-- WORK REQUEST --
Repeat the data exactly. Pictures stay out.

** Opening DATA block **

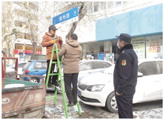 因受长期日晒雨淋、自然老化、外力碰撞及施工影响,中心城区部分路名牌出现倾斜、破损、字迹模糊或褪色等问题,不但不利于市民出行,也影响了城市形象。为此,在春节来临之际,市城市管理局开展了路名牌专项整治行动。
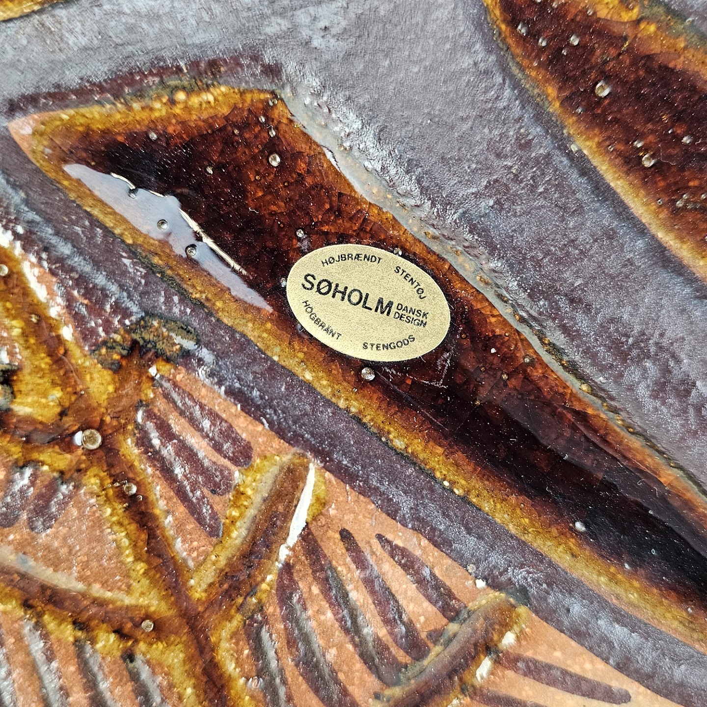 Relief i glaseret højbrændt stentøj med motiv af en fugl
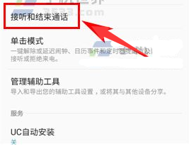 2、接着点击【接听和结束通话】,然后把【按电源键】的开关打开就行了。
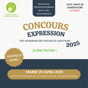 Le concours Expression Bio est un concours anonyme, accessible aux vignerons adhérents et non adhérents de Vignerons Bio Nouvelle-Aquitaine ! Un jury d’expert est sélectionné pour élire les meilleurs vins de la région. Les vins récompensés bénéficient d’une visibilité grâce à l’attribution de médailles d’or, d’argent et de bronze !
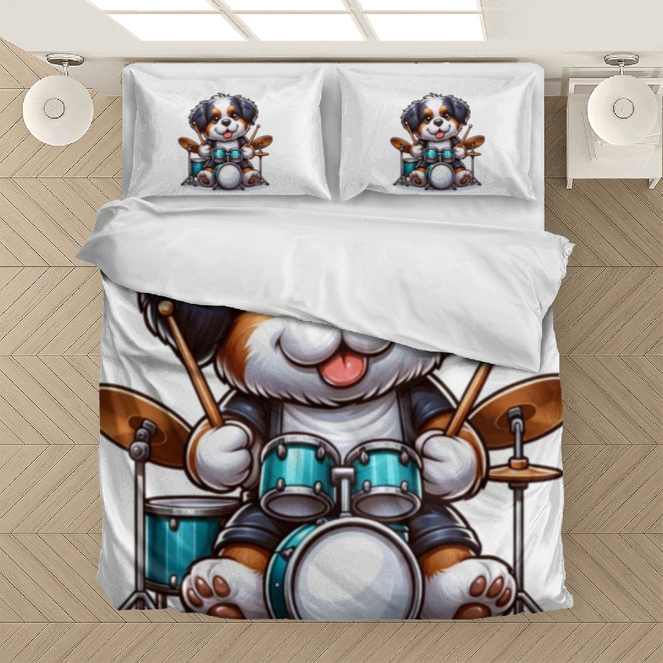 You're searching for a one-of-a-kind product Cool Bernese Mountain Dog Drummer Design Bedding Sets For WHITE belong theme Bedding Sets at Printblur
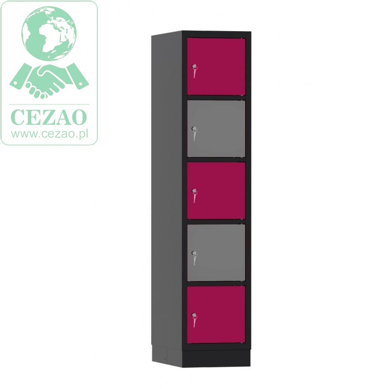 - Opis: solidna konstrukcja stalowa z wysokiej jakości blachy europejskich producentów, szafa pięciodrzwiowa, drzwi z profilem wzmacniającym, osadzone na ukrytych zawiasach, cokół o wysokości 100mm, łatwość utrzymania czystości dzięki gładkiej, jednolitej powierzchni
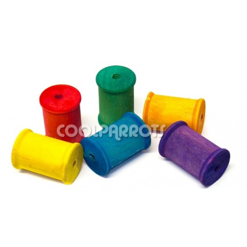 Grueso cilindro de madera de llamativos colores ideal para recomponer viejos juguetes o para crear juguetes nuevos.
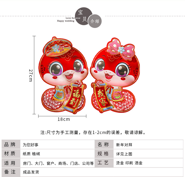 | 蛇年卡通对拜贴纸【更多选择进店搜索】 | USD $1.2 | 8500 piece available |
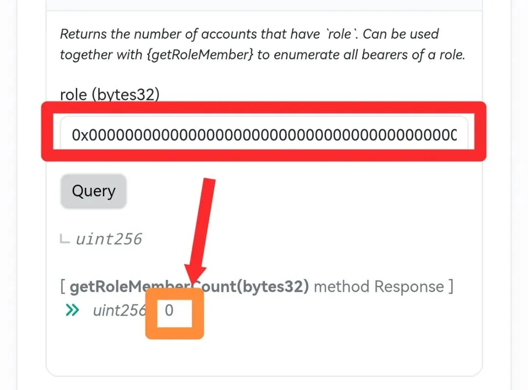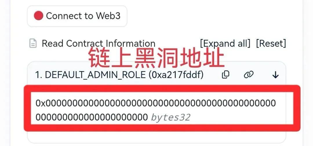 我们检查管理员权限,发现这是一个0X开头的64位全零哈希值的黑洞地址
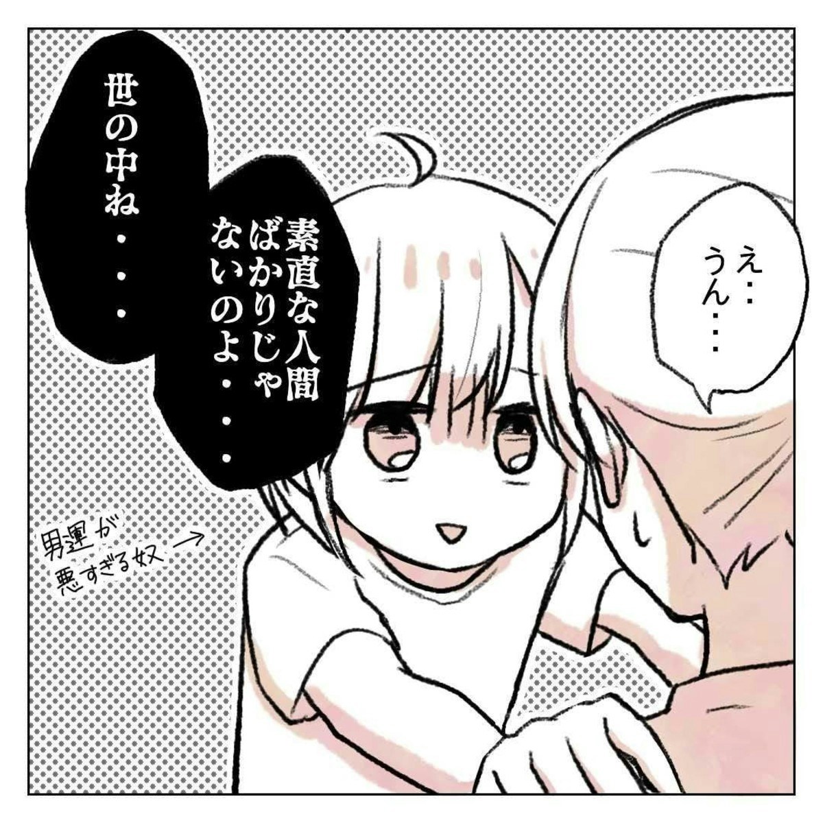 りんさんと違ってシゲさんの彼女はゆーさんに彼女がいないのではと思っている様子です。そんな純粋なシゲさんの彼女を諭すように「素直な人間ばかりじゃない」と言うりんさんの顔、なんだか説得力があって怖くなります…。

** Closing DATA block **

-- EXERCISE ANSWER --
 因受长期日晒雨淋、自然老化、外力碰撞及施工影响,中心城区部分路名牌出现倾斜、破损、字迹模糊或褪色等问题,不但不利于市民出行,也影响了城市形象。为此,在春节来临之际,市城市管理局开展了路名牌专项整治行动。
 Relief i glaseret højbrændt stentøj med motiv af en fugl
 2、接着点击【接听和结束通话】,然后把【按电源键】的开关打开就行了。
 Le concours Expression Bio est un concours anonyme, accessible aux vignerons adhérents et non adhérents de Vignerons Bio Nouvelle-Aquitaine ! Un jury d’expert est sélectionné pour élire les meilleurs vins de la région. Les vins récompensés bénéficient d’une visibilité grâce à l’attribution de médailles d’or, d’argent et de bronze !
 You're searching for a one-of-a-kind product Cool Bernese Mountain Dog Drummer Design Bedding Sets For WHITE belong theme Bedding Sets at Printblur
 - Opis: solidna konstrukcja stalowa z wysokiej jakości blachy europejskich producentów, szafa pięciodrzwiowa, drzwi z profilem wzmacniającym, osadzone na ukrytych zawiasach, cokół o wysokości 100mm, łatwość utrzymania czystości dzięki gładkiej, jednolitej powierzchni
 Grueso cilindro de madera de llamativos colores ideal para recomponer viejos juguetes o para crear juguetes nuevos.
 | 蛇年卡通对拜贴纸【更多选择进店搜索】 | USD $1.2 | 8500 piece available |
 我们检查管理员权限,发现这是一个0X开头的64位全零哈希值的黑洞地址
 りんさんと違ってシゲさんの彼女はゆーさんに彼女がいないのではと思っている様子です。そんな純粋なシゲさんの彼女を諭すように「素直な人間ばかりじゃない」と言うりんさんの顔、なんだか説得力があって怖くなります…。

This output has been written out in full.